• _EXERCISE DETAILS_: If an entry holds a picture, leave the picture out and copy the rest exactly.

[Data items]
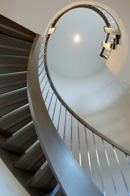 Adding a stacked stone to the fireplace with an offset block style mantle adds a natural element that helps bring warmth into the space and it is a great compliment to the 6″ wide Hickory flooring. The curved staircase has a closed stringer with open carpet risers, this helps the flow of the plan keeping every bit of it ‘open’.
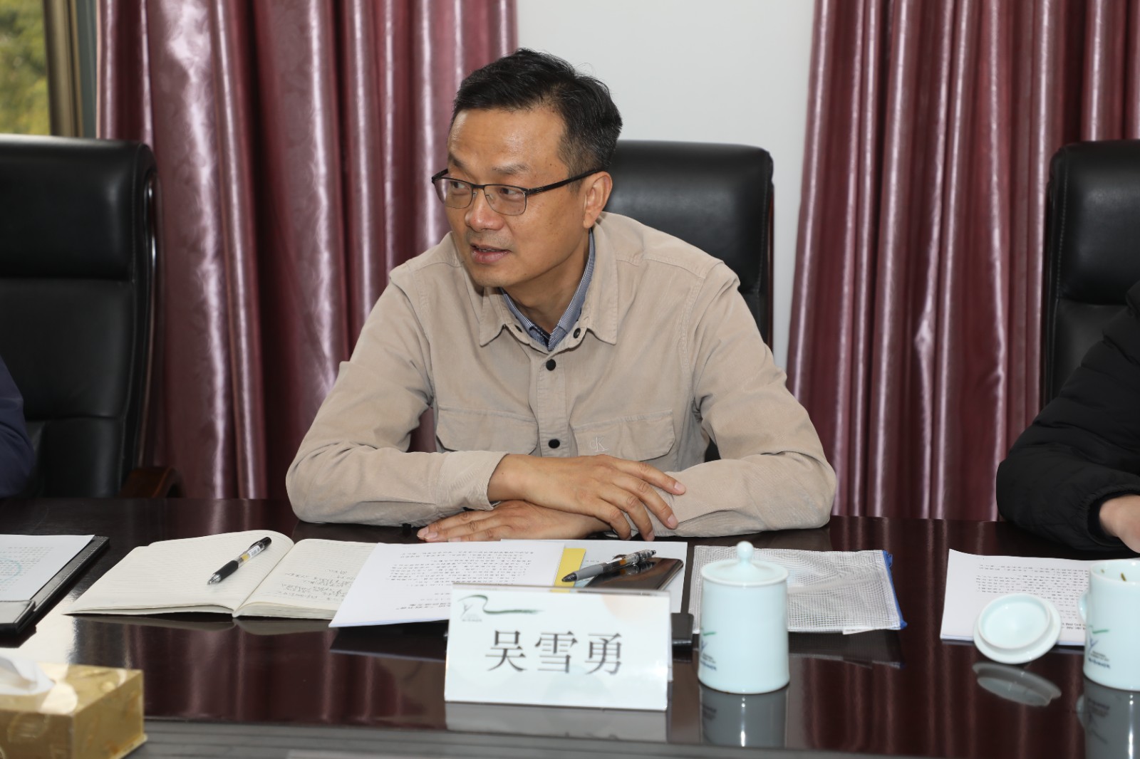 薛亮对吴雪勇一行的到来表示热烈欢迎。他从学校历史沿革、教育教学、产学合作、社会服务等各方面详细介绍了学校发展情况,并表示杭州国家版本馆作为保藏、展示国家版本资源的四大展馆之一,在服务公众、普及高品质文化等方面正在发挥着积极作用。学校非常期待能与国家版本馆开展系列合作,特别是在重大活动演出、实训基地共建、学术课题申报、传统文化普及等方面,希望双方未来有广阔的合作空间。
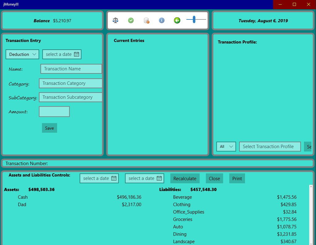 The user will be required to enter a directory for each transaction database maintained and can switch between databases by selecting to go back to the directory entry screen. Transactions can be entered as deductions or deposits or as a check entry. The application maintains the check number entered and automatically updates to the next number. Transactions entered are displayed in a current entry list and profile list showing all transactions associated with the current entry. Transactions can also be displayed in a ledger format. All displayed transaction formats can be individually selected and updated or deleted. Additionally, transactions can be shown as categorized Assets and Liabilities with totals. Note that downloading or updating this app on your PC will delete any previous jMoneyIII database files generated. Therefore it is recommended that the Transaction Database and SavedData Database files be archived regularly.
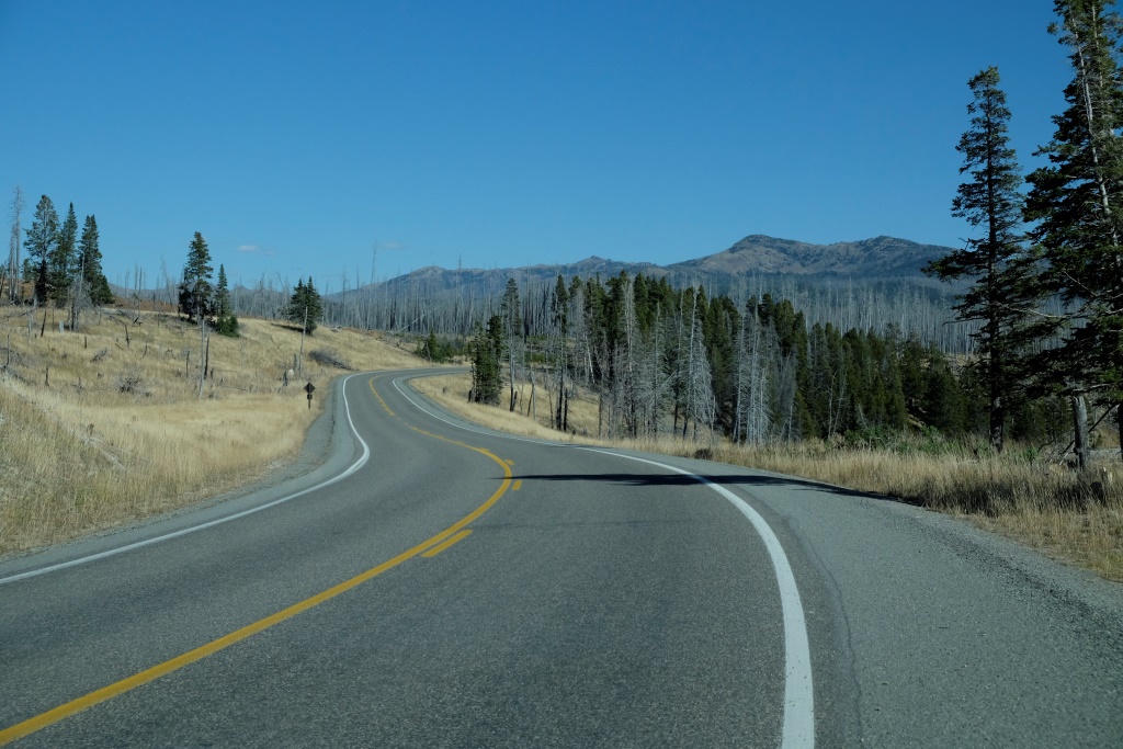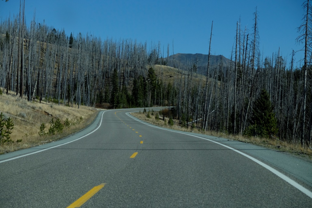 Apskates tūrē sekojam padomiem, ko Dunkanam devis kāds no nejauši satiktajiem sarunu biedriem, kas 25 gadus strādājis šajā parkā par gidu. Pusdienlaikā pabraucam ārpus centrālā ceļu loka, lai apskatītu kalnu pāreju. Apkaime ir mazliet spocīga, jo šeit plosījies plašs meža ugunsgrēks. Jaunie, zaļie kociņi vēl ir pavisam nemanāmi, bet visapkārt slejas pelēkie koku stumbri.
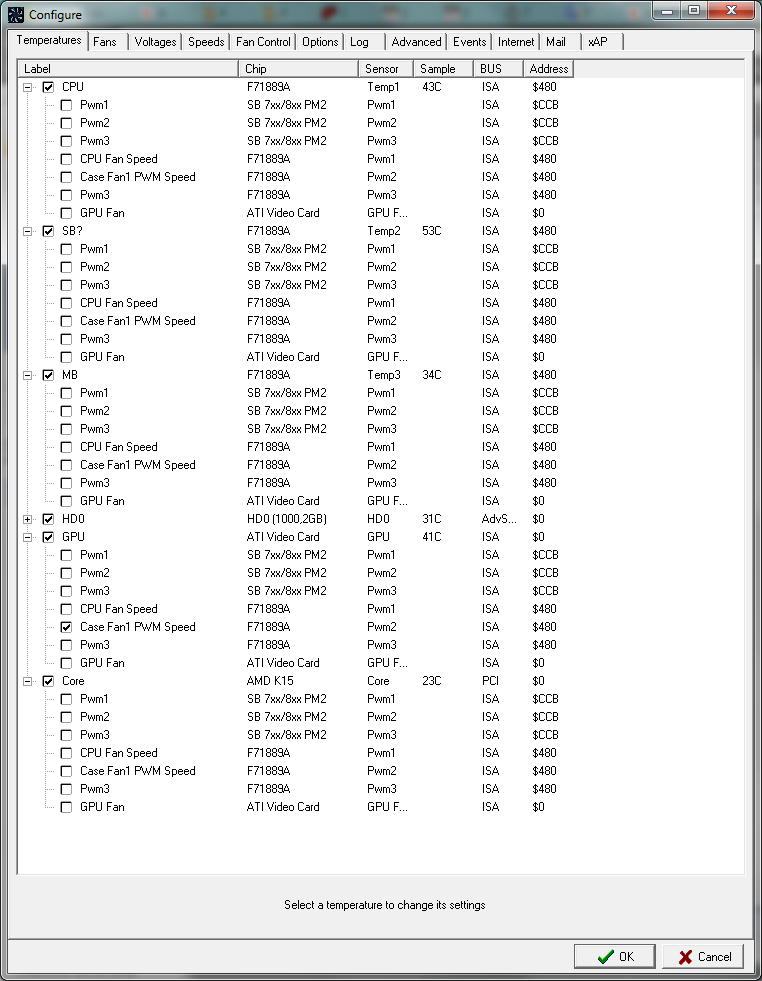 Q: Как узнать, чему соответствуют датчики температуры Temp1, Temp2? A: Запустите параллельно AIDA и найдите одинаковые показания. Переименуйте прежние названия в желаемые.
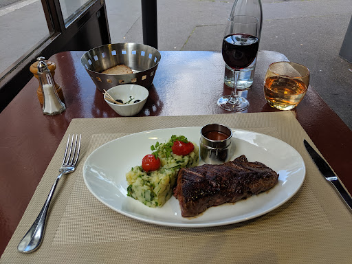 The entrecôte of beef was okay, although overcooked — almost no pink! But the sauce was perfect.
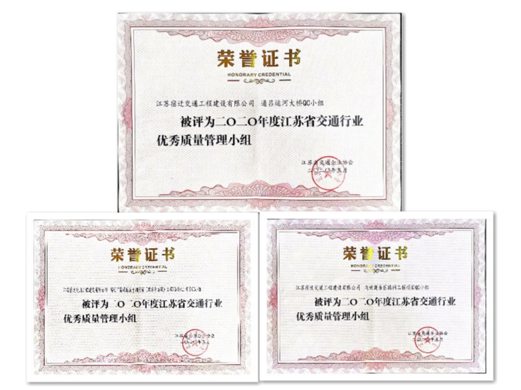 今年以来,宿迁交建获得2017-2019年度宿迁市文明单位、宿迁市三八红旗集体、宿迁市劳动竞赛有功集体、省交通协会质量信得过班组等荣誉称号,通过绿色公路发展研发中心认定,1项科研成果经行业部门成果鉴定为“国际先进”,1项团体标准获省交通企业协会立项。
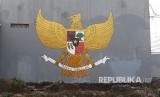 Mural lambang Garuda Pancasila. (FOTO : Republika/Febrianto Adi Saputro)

• _OUTPUT FOR THIS EXERCISE_:
 Adding a stacked stone to the fireplace with an offset block style mantle adds a natural element that helps bring warmth into the space and it is a great compliment to the 6″ wide Hickory flooring. The curved staircase has a closed stringer with open carpet risers, this helps the flow of the plan keeping every bit of it ‘open’.
 薛亮对吴雪勇一行的到来表示热烈欢迎。他从学校历史沿革、教育教学、产学合作、社会服务等各方面详细介绍了学校发展情况,并表示杭州国家版本馆作为保藏、展示国家版本资源的四大展馆之一,在服务公众、普及高品质文化等方面正在发挥着积极作用。学校非常期待能与国家版本馆开展系列合作,特别是在重大活动演出、实训基地共建、学术课题申报、传统文化普及等方面,希望双方未来有广阔的合作空间。
 The user will be required to enter a directory for each transaction database maintained and can switch between databases by selecting to go back to the directory entry screen. Transactions can be entered as deductions or deposits or as a check entry. The application maintains the check number entered and automatically updates to the next number. Transactions entered are displayed in a current entry list and profile list showing all transactions associated with the current entry. Transactions can also be displayed in a ledger format. All displayed transaction formats can be individually selected and updated or deleted. Additionally, transactions can be shown as categorized Assets and Liabilities with totals. Note that downloading or updating this app on your PC will delete any previous jMoneyIII database files generated. Therefore it is recommended that the Transaction Database and SavedData Database files be archived regularly.
 Apskates tūrē sekojam padomiem, ko Dunkanam devis kāds no nejauši satiktajiem sarunu biedriem, kas 25 gadus strādājis šajā parkā par gidu. Pusdienlaikā pabraucam ārpus centrālā ceļu loka, lai apskatītu kalnu pāreju. Apkaime ir mazliet spocīga, jo šeit plosījies plašs meža ugunsgrēks. Jaunie, zaļie kociņi vēl ir pavisam nemanāmi, bet visapkārt slejas pelēkie koku stumbri.
 Q: Как узнать, чему соответствуют датчики температуры Temp1, Temp2? A: Запустите параллельно AIDA и найдите одинаковые показания. Переименуйте прежние названия в желаемые.
 The entrecôte of beef was okay, although overcooked — almost no pink! But the sauce was perfect.
 今年以来,宿迁交建获得2017-2019年度宿迁市文明单位、宿迁市三八红旗集体、宿迁市劳动竞赛有功集体、省交通协会质量信得过班组等荣誉称号,通过绿色公路发展研发中心认定,1项科研成果经行业部门成果鉴定为“国际先进”,1项团体标准获省交通企业协会立项。
 Mural lambang Garuda Pancasila. (FOTO : Republika/Febrianto Adi Saputro)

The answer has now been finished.